Hi Folks,
My input contains a social security number (SSN), e.g.,
123-45-6789
If I declare the SSN element like this:
<xs:element name="SSN"
dfdl:lengthKind="explicit"
dfdl:length="11">
<xs:simpleType>
<xs:restriction base="xs:string">
<xs:pattern value="[0-9]{3}-[0-9]{2}-[0-9]{4}"/>
</xs:restriction>
</xs:simpleType>
</xs:element>
then the parser will accept well-formed but invalid data such as this:
xxx-45-6789
If I want to be notified that the data is not valid, then I can use the -V
limited option. Then the parser will both generate XML and notify me that the
input is not valid.
If I add checkConstraints:
<xs:element name="SSN"
dfdl:lengthKind="explicit"
dfdl:length="11">
<xs:annotation>
<xs:appinfo source="http://www.ogf.org/dfdl/">
<dfdl:assert>{ dfdl:checkConstraints(.) }</dfdl:assert>
</xs:appinfo>
</xs:annotation>
<xs:simpleType>
<xs:restriction base="xs:string">
<xs:pattern value="[0-9]{3}-[0-9]{2}-[0-9]{4}"/>
</xs:restriction>
</xs:simpleType>
</xs:element>
then the parser no longer accepts well-formed but invalid data. No XML is
generated.
Lesson Learned: Don't use checkConstraints if you want parsing to accept
well-formed but invalid input.
But, but, but, ........
Things aren't that simple.
Suppose SSN is part of a choice. The choice has two branches. The first branch
specifies RealID space SSN, the second branch specifies SSN space RealID.

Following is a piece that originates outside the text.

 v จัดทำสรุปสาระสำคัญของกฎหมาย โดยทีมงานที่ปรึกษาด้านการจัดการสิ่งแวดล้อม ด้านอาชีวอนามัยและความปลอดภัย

Consider this valid input:
123-45-6789 A12345678
If the DFDL does not use checkConstraints, then this incorrect XML is generated:
<PersonID>
<RealID>123-45-6789</RealID>
<Space> </Space>
<SSN>A12345678</SSN>
</PersonID>
Notice that the <RealID> value is the ssn and the <SSN> value is the real id.
If we want to get correct XML, then we must use checkConstraints.
Lesson Learned: Use checkConstraints if you want parsing to generate correct
XML.
Overall Lesson Learned: You can't have a DFDL schema that both accepts
well-formed but invalid data and always produces correct XML.
Do you agree?
/Roger